Sehingga sekelompok orang yang berusia 10-24 tahun dikategorikan
sebagai remaja. WHO menegaskan, masa remaja ini bukanlah sekelompok
anak dengan karakteristik yang homogen, melainkan kebutuhan mereka
sangatlah bervariasi bergantung jenis kelamin, tahap perkembangan,
keadaan kehidupan dan kondisi sosial-ekonomi lingkungannya.

Selain ditandai dengan perubahan fisik yang cepat, perkembangan


remaja juga terikat kuat dengan hubungannya dengan orangtua (Wulandari,
2014). Adanya keinginan yang kuat untuk tetap bergantung pada orangtua
adalah ciri yang dimiliki remaja pada tahap awal. Pada tahap pertengahan,
remaja mulai mengalami konflik utama terhadap kemandirian dan kontrol
di mana terdapat dorongan besar untuk melepaskan diri dari orangtua.
Ketika hal tersebut tidak dilalui dengan baik, akan menimbulkan perilaku
berisiko yang dilakukan remaja. Hasil Survei Demografi dan
Kependudukan Indonesia (SDKI) tahun 2017 mencatat sebesar 3,6 persen
remaja pria berumur 15-19 tahun pernah melakukan hubungan seksual
pranikah. Melihat rentannya perkembangan psikologis remaja tersebut,
kedua orangtua memiliki peran yang saling melengkapi dalam pengasuhan
remaja.

Ayah dan ibu memiliki peran masing-masing dalam memberikan


pengasuhan kepada anaknya.
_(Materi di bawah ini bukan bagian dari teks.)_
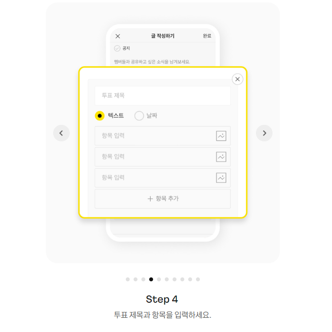 4. 투표 제목과 항목을 입력하고, 각 항목을 추가하려면 ‘항목 추가’ 버튼을 누릅니다.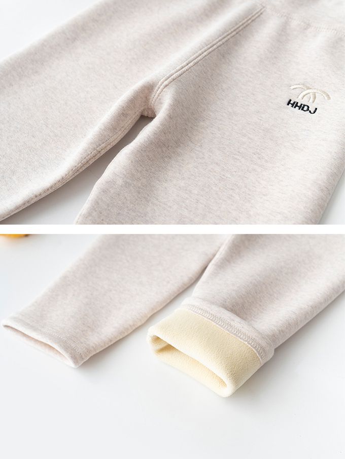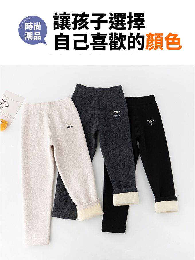 FANMOU - 加絨腰鬆緊保暖內搭褲-可愛熊熊-深灰色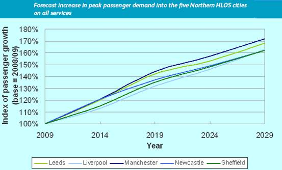 The number of passengers travelling into between the major towns and cities of the north is predicted in the RUS to grow significantly over the next ten and twenty years.

Pruett (2000) mengungkapkan saat seorang
anak memasuki tahap remaja, ayah memiliki peran penting dalam
membangun harga dirinya agar tetap positif dan juga menguatkan keinginan
anak untuk berprestasi khususnya pada remaja perempuan, serta
mengembangkan motivasi untuk sukses dalam pekerjaan dan untuk
melanjutkan pendidikan ke jenjang yang lebih tinggi pada remaja laki-laki.
Hasil penelitian Fatmasari (2013) mengungkapkan bentuk kedekatan
dengan ayah terlihat dari kegiatan yang bersifat informal dan rekreatif,
sementara kedekatan dengan ibu berkaitan dengan tugas rumah tangga. Hal
ini menunjukkan bahwa pengasuhan yang tepat untuk remaja harus terdapat
keseimbangan baik dari sisi ayah maupun dari sisi ibu.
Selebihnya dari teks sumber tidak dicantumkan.